There are important questions of intention here, that for my purposes in this essay I will largely set aside. In the account of natural law and just war theory that I think true, an account that seems clearly endorsed and articulated in the Catechism of the Catholic Church’s treatment of war in sections 2307-2317, war can, as I have said, only be carried out for defensive purposes. 

But war must also be carried out in a way compatible with the fifth commandment which, according to the Catechism, “forbids the intentional destruction of human life.” I believe that certain acts of war can meet both the defensive and the no-intentional-destruction requirement (a position I argue for in my forthcoming Killing and Christian Ethics). Here, I assume for the purposes of argument that the same is true of the use of force against an enemy leader. 

But did the killing of Ayatollah Khamenei meet the necessary conditions for it to have been a justified use of force against the leader of a nation with whom we are justly at war? 

It should be clear from the argument thus far that a necessary condition for the just killing of the leader of a nation with whom we are at war is that we are indeed fighting a just war. And the grounds on which to doubt this are, as Edward Feser recently argued, numerous. 

This war does not appear to be genuinely defensive against an imminent threat; it is rather undertaken to prevent a threat that might, at some time in the future, materialize, and is therefore a “war of choice.” Natural law just war theory acknowledges no such category: justified warfare is always a matter of necessity. 

Nor does this war seem to be carried out with anything like right intent. The following points may suffice here to make this clear. The name “Epic Fury,” seems, in fact, to describe Defense Secretary Hegseth’s motivations accurately. According to a recent New York Times story, the goal of the war according to Hegseth is 

to unleash “death and destruction from the sky all day long.” Instead of seeking justice, U.S. forces are pursuing vengeance against an implacable foe. “Their war on Americans has become our retribution,” he vowed. 

Such a set of attitudes and intentions is deeply incompatible with the ultimate purpose of war and peace; peace understood not simply as a cessation of hostilities, but as the tranquility of order, a peaceable ordering of wills. 

Did the killing of Ayatollah Khamenei meet the necessary conditions for it to have been a justified use of force against the leader of a nation with whom we are justly at war?

 

Nor is President Trump’s demand for unconditional surrender compatible with right intention; it is indicative of a will to subjugate and humiliate. And neither, finally, is the evident lack of concern or planning for how and when the war might reasonably be brought to a conclusion compatible with an upright intent. Such fecklessness when our military action will bring about grave human suffering is deeply wrong.  

And this means that everything done in service of this unjust war is itself morally flawed. No doubt some of what is done is done non-culpably by soldiers or their leaders who believe themselves justly authorized to fight. But objectively, what is done in service of an unjust war is itself unjustified.  

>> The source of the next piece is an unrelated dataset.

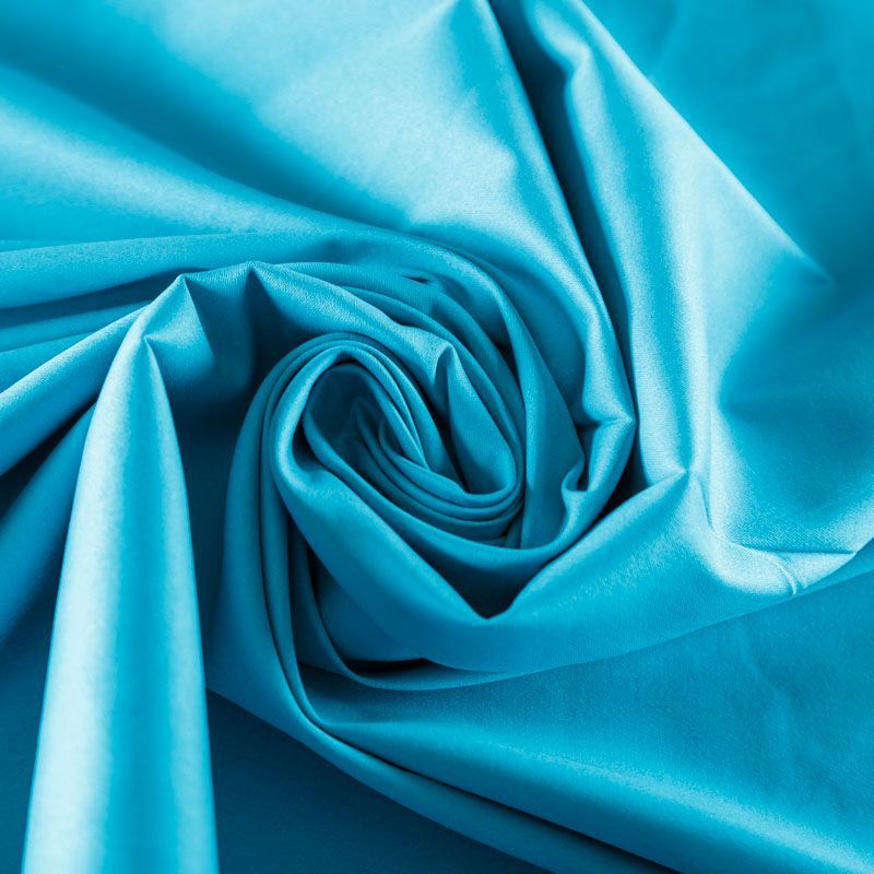 Коттон средней плотности бирюзового оттенка, мягкий, приятный на ощупь, эластичный, держит форму, смотрится красиво. Подойдет для пошива костюма, жакета, юбки, платья и других изделий на теплый и прохладный сезоны.

It is thus a matter of the gravest possible moral urgency that the ultimate war-making public authority—in this case, President Trump—demonstrate with clarity why those, such as Feser, or various cardinals of the Catholic Church, or other just-war critics of this war, are wrong, by indicating the precise purposes for which he commenced these hostilities and by which they are justified. For in the absence of such clarification and justification, none of the ranks can responsibly follow orders to engage in these hostilities. 

Absent that clarification and justification it likewise follows, of course, that the killing of Khamenei was morally flawed. What might in some other case be a reasonable means of prosecuting a just war here shares in the corruption found at the root of this administration’s latest act of military and moral adventurism.